** WHAT TO DO **
Omit the images and output every line of the data below exactly.

** DATA BLOCK **
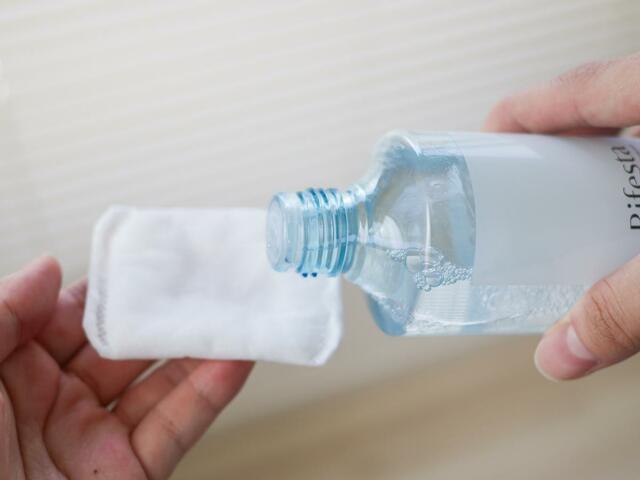 使うときは、コットンに適量を含ませて優しく拭きとります。
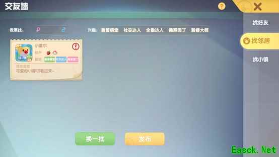 在此基础上,《摩尔庄园手游》推出了交友墙系统作为补充,为单个玩家开展社交提供了便利。
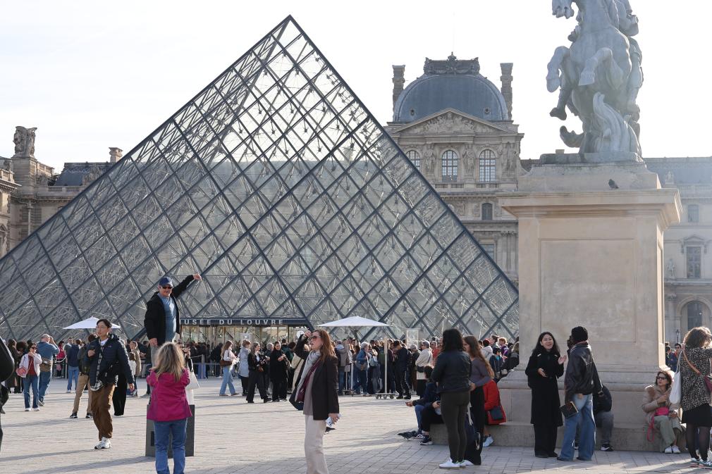 10月22日,在法國巴黎,大量游客聚集在盧浮宮博物館的玻璃金字塔入口前。新華社記者張百慧攝

** OUTPUT FOR THIS EXERCISE **
 使うときは、コットンに適量を含ませて優しく拭きとります。
 在此基础上,《摩尔庄园手游》推出了交友墙系统作为补充,为单个玩家开展社交提供了便利。
 10月22日,在法國巴黎,大量游客聚集在盧浮宮博物館的玻璃金字塔入口前。新華社記者張百慧攝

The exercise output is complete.